## [What the task requires]
Everything in the records below from the line containing "Ouvrage nord réalisé en 2023" through the line containing "Départ des soldats" is to be reproduced exactly, those two lines included; no picture is to be copied.

## [Records to process]
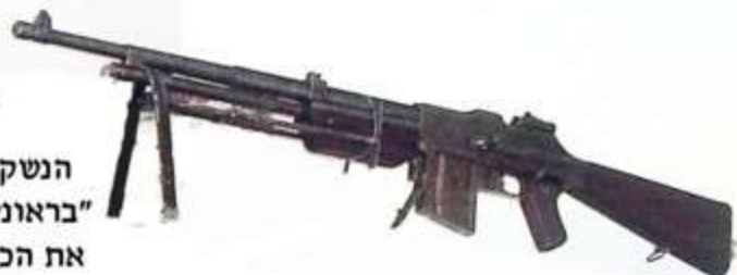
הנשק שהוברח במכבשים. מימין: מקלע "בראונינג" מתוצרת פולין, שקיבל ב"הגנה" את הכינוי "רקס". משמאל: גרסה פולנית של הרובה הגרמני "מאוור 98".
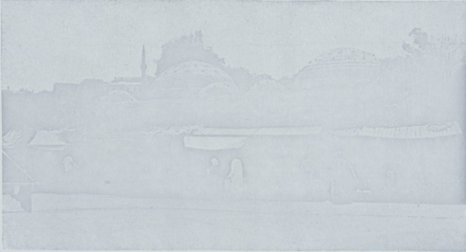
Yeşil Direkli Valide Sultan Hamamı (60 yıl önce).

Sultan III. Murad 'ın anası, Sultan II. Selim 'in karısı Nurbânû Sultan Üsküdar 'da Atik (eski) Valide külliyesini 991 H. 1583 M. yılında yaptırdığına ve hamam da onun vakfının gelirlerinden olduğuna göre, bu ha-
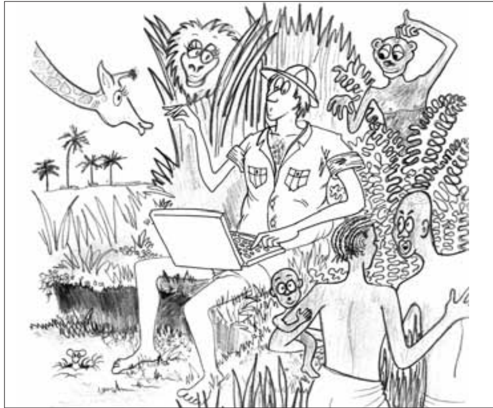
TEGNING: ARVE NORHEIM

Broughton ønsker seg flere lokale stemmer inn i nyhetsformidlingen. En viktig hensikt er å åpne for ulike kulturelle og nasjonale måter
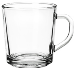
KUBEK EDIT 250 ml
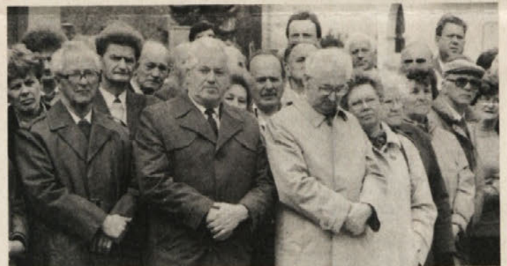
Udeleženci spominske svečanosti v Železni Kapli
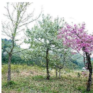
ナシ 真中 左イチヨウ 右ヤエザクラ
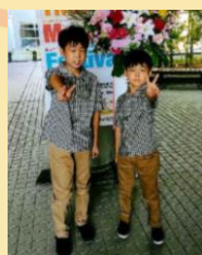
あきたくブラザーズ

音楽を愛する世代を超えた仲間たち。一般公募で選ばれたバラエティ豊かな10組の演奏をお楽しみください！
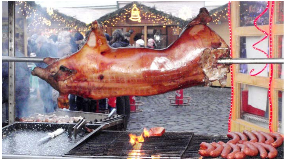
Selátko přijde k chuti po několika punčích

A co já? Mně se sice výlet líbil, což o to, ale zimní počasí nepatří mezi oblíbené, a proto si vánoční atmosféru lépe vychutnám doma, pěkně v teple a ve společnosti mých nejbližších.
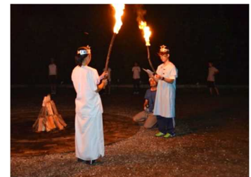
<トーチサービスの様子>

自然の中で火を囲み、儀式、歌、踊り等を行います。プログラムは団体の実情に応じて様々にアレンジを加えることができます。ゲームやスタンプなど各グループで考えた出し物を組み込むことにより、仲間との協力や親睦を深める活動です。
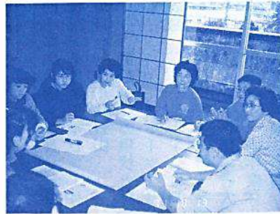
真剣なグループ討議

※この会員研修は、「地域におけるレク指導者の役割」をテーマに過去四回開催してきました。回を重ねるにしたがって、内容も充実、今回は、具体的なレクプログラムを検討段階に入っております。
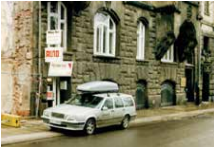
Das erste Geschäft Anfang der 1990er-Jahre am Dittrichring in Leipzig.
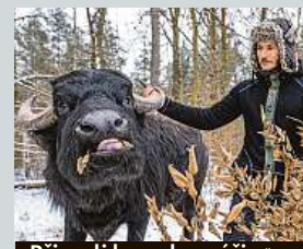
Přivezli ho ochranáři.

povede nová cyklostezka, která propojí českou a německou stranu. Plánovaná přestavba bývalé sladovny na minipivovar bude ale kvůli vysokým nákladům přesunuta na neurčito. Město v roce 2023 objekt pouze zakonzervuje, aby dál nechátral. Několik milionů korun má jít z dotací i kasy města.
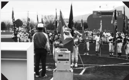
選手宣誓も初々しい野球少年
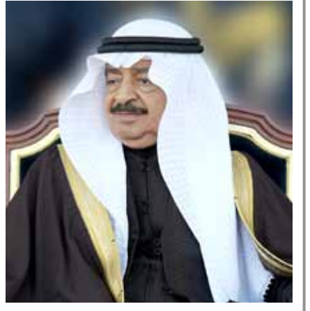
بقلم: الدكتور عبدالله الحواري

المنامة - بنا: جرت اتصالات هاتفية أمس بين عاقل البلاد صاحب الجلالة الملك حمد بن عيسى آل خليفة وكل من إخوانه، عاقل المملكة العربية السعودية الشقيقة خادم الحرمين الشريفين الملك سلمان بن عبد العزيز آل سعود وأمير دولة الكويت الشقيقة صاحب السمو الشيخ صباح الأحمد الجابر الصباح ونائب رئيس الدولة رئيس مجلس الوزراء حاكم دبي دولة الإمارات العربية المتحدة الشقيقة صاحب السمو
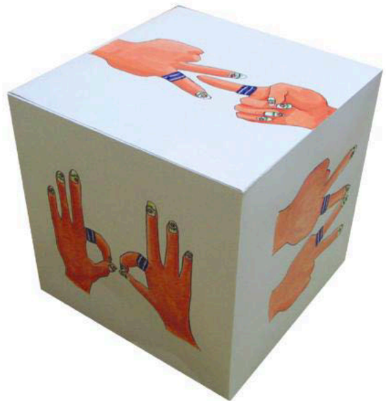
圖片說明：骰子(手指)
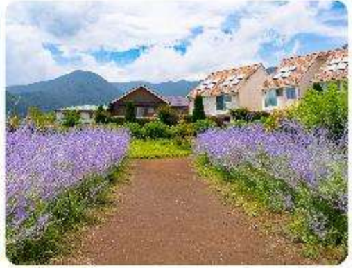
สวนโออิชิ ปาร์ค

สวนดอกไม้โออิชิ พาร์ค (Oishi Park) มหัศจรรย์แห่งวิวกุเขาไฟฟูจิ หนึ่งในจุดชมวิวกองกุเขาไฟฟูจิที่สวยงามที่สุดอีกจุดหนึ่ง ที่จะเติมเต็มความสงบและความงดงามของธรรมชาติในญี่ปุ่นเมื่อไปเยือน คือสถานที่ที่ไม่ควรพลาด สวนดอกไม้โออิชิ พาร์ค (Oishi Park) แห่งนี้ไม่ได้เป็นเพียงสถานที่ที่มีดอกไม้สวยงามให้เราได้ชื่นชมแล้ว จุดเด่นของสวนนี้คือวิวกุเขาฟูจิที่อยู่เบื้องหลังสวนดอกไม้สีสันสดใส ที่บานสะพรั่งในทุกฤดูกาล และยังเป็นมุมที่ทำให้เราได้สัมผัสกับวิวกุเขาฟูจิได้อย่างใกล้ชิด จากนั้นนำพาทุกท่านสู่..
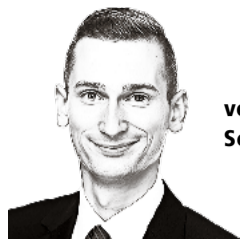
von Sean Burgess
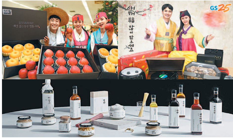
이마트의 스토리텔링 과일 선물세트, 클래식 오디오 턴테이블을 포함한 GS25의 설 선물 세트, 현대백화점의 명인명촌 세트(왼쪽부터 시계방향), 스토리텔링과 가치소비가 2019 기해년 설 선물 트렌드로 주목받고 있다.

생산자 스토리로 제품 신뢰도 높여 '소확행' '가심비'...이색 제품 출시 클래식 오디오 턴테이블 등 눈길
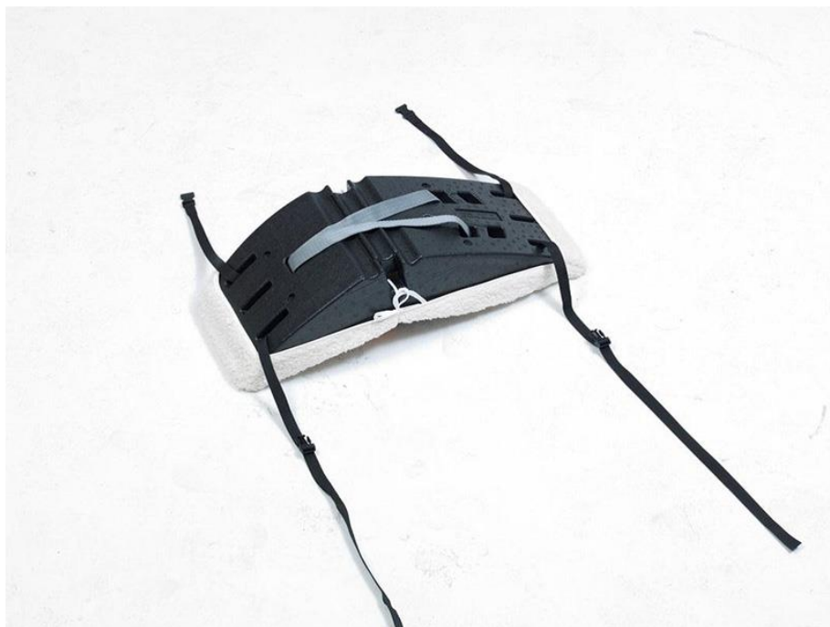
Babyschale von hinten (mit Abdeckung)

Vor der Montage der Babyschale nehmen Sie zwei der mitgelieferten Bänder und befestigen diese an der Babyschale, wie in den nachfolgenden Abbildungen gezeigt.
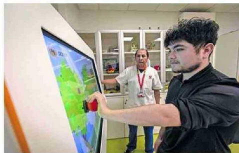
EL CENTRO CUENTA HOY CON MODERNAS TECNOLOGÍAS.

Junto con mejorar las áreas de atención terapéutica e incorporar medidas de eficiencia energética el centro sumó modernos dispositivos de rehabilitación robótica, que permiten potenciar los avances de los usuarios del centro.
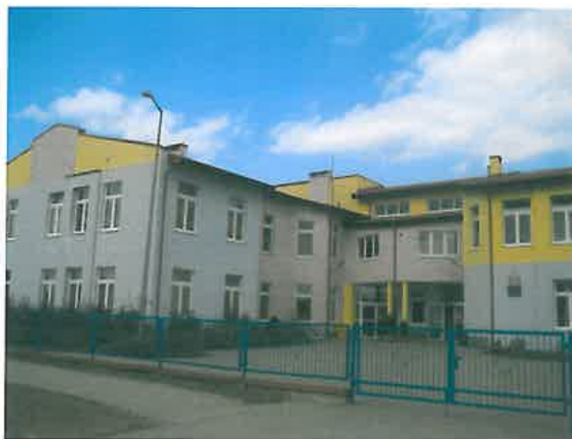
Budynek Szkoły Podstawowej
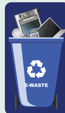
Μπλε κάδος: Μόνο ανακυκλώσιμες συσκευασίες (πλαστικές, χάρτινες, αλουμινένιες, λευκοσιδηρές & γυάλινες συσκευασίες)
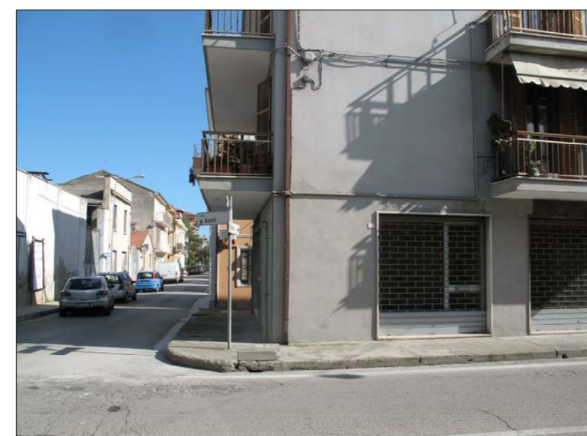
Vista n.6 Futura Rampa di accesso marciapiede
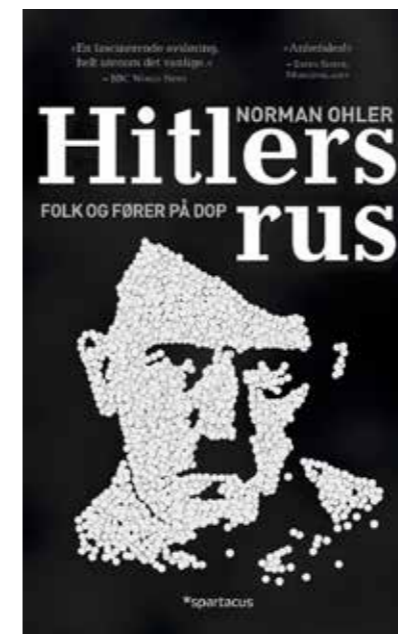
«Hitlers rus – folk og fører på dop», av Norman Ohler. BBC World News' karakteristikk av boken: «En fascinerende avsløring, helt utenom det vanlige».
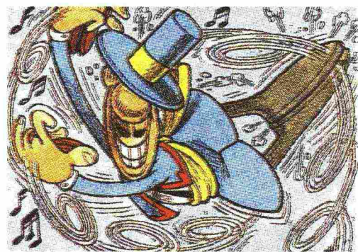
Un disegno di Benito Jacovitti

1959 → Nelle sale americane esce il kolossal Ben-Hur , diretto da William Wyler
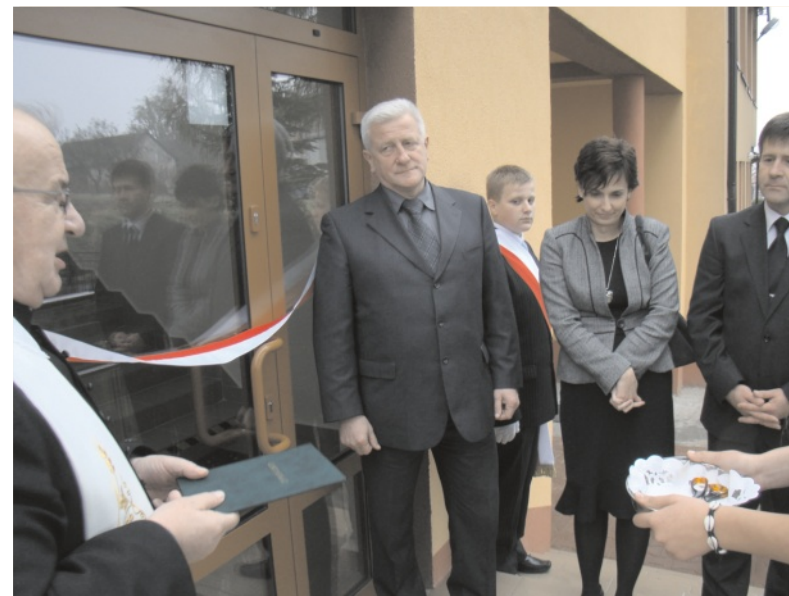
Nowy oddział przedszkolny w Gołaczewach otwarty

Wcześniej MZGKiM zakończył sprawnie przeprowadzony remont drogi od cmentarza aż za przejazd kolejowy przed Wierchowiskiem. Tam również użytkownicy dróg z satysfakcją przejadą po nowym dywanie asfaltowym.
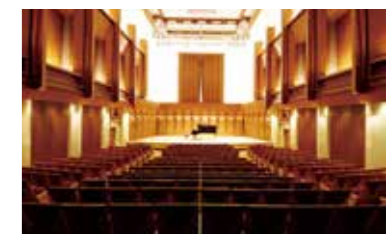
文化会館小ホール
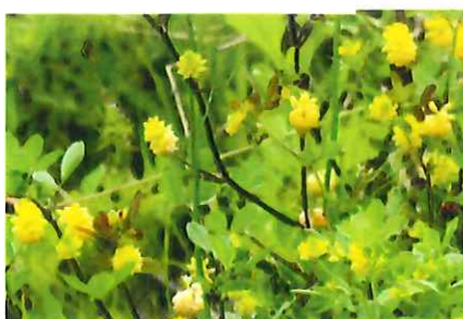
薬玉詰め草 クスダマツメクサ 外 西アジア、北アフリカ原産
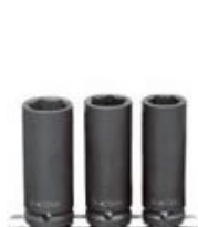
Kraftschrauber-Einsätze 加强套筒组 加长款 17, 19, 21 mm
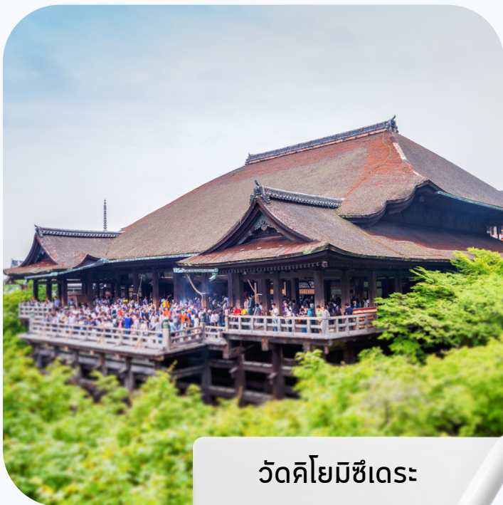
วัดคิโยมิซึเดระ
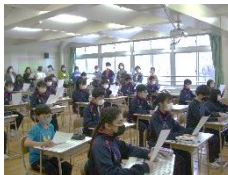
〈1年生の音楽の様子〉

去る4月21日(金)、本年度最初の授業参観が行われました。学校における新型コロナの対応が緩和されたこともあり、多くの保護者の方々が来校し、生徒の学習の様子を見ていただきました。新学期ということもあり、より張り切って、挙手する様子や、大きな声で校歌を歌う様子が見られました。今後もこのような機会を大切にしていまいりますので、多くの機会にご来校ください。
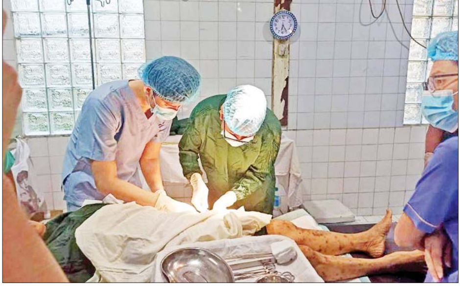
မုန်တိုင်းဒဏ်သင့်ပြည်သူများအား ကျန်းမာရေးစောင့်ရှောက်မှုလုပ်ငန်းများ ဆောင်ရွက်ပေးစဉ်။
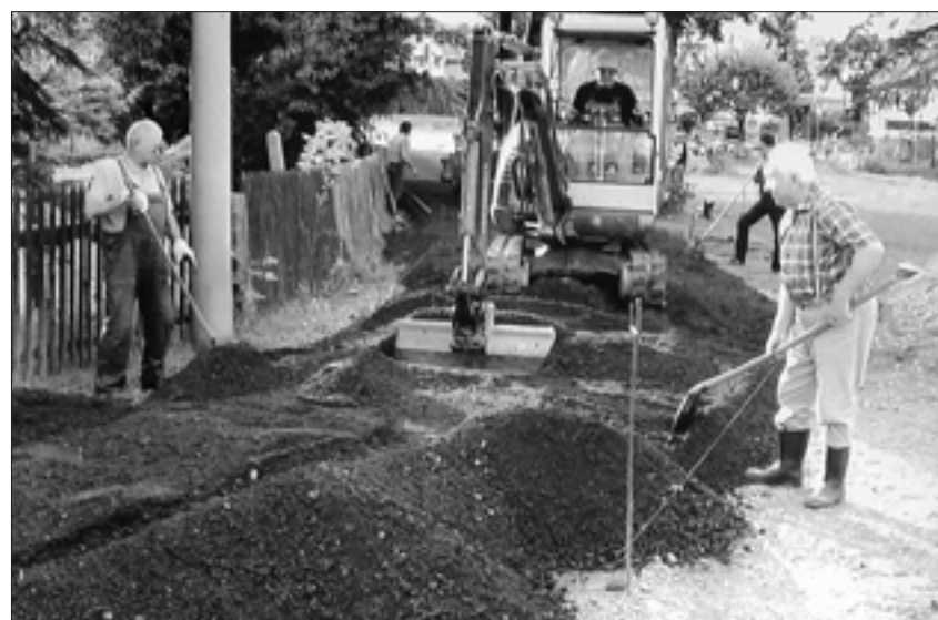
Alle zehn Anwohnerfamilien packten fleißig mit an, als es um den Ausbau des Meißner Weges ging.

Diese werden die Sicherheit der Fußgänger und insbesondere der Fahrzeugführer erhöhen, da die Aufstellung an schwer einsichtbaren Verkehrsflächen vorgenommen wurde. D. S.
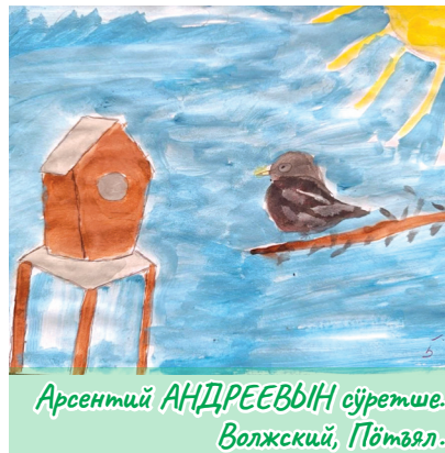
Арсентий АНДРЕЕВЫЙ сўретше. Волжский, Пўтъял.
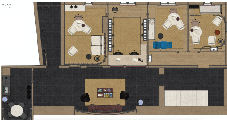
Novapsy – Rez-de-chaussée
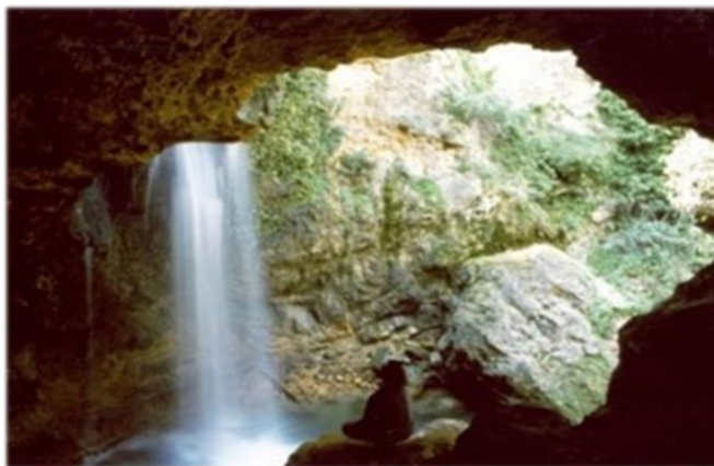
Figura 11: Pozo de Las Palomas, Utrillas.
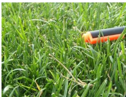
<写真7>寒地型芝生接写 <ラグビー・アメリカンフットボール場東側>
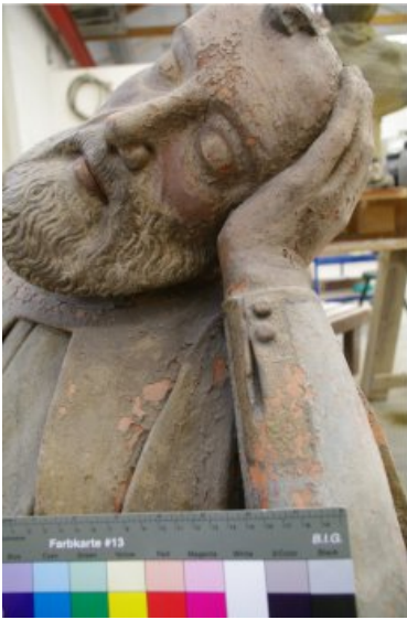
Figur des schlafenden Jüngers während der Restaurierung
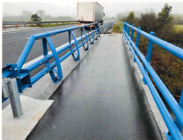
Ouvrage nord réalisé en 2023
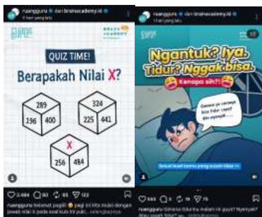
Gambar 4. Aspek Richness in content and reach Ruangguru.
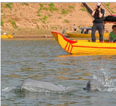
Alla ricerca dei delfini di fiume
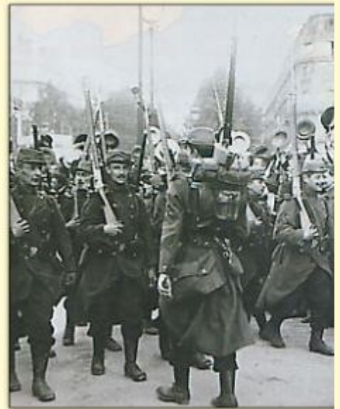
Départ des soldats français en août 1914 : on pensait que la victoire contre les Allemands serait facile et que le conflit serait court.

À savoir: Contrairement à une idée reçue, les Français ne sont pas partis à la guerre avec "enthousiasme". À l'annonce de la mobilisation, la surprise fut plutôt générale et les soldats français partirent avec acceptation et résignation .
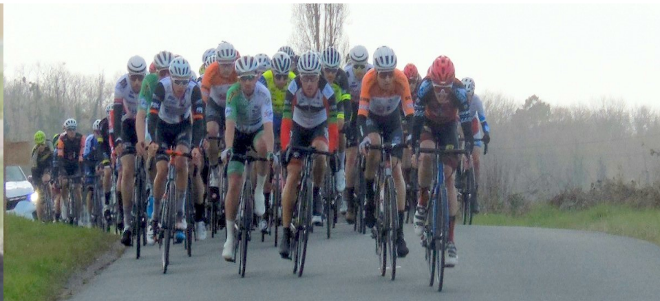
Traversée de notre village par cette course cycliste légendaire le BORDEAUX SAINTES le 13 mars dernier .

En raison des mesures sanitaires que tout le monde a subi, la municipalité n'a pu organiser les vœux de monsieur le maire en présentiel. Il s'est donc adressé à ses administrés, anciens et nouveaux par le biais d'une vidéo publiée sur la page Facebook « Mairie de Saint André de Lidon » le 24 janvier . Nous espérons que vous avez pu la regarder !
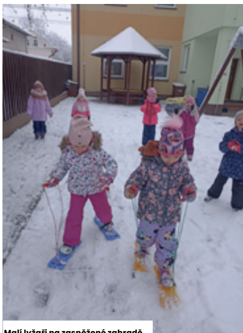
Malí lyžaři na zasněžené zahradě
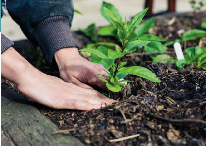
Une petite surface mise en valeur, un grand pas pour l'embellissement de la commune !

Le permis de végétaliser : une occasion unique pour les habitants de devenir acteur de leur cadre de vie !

## [Exercise answer]
Ouvrage nord réalisé en 2023
Gambar 4. Aspek Richness in content and reach Ruangguru.
Alla ricerca dei delfini di fiume
Départ des soldats français en août 1914 : on pensait que la victoire contre les Allemands serait facile et que le conflit serait court.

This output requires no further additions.